→ Problem
Return, with both end lines included, exactly what the data below holds from the line with "réfection de toiture" through the line with "- On the next", though not the pictures.

→ Records supplied
- - - - -
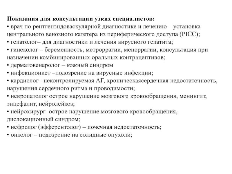 • кардиолог –неконтролируемая АГ, хроническаясердечная недостаточность, нарушения сердечного ритма и проводимости;
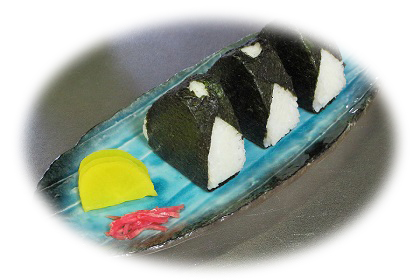 →おにぎりがまな板にくっついているので水で濡らした「へら」でまな板から取るようにする。 →味付け海苔の片面を軽く水で濡らし、おにぎりにピタッと付くようにする。 |
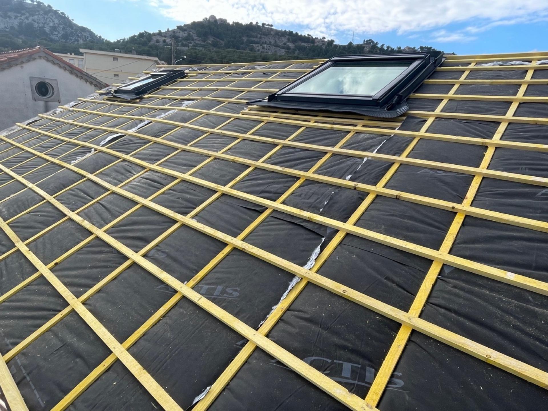 réfection de toiture mécanique Romane avec isolation sous toiture sur Châteauneuf-les-Martigues.
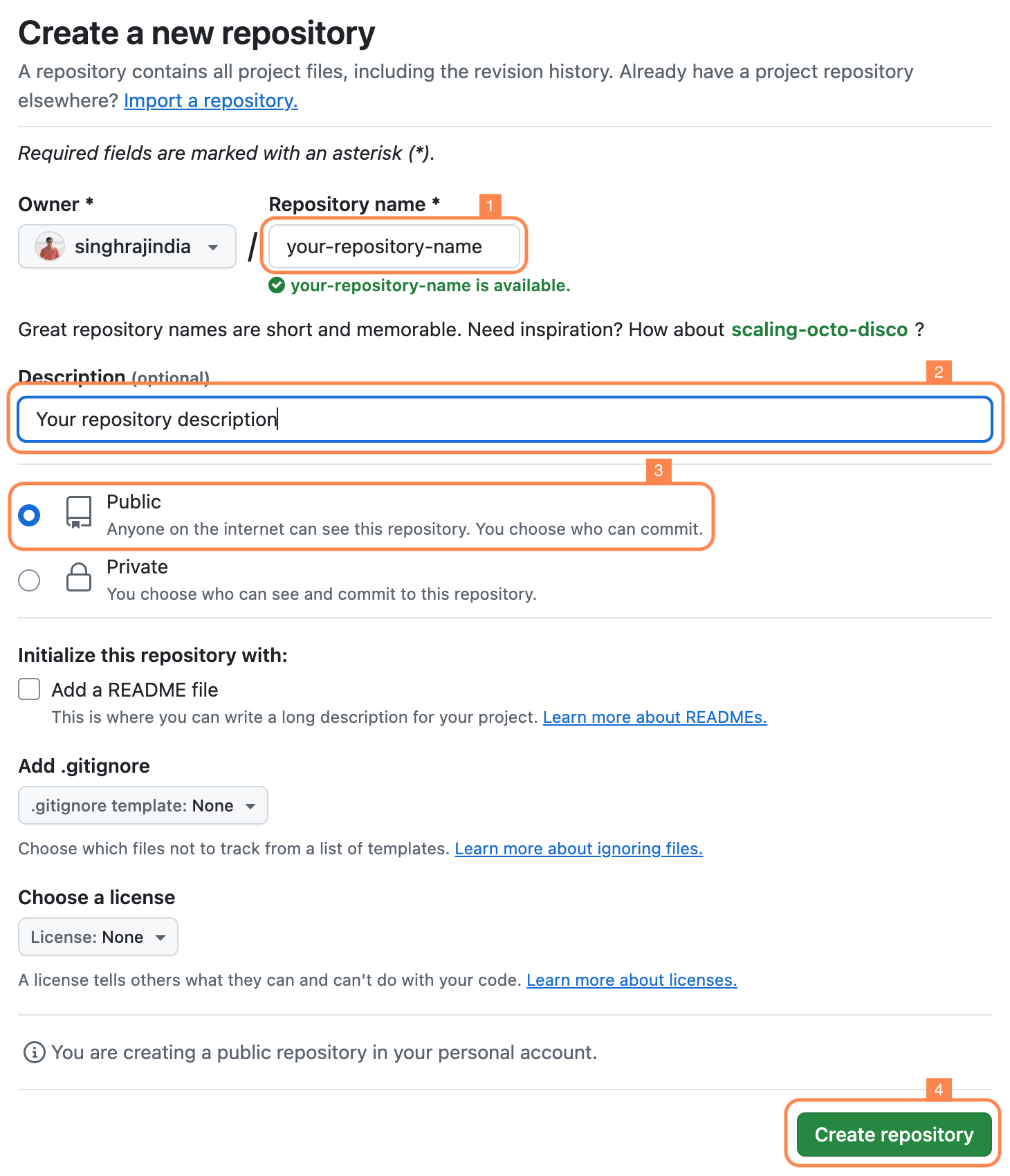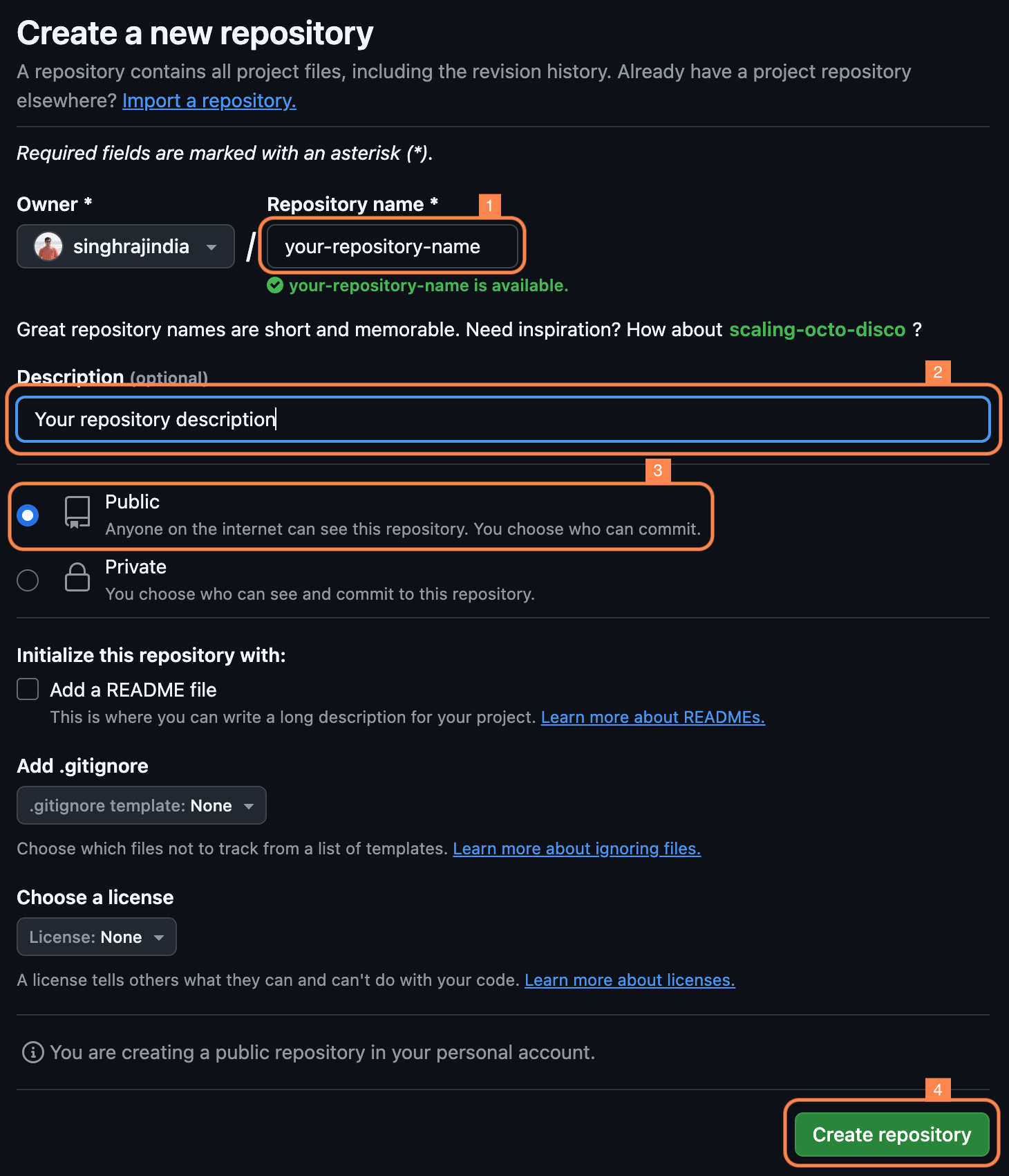 - On the next page specify the Name and Description of the repository. Keep the repository as Public. Click Create Repository buttom at bottom-right of the page. Please note that, for Giscus to work properly, it is necessary that the repository is public.
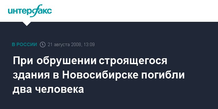 Москва. 21 августа. INTERFAX.RU - Два человека погибли и два пострадали в результате обрушения в строящемся торгово-развлекательном центре в Калининском районе Новосибирска.
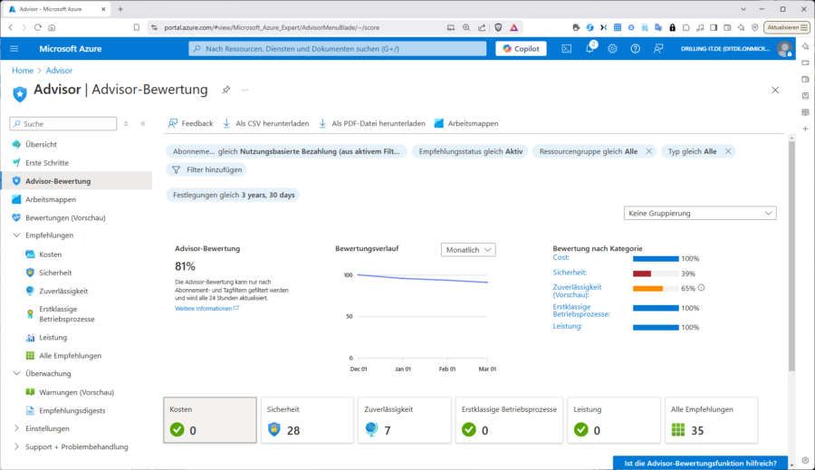 Ein Anlaufpunkt dazu ist das Service-Health-Dashboard im Azure Monitor der Abschnitt „Integritätsempfehlungen“.
- - - - -
→ Response area
 réfection de toiture mécanique Romane avec isolation sous toiture sur Châteauneuf-les-Martigues.
 - On the next page specify the Name and Description of the repository. Keep the repository as Public. Click Create Repository buttom at bottom-right of the page. Please note that, for Giscus to work properly, it is necessary that the repository is public.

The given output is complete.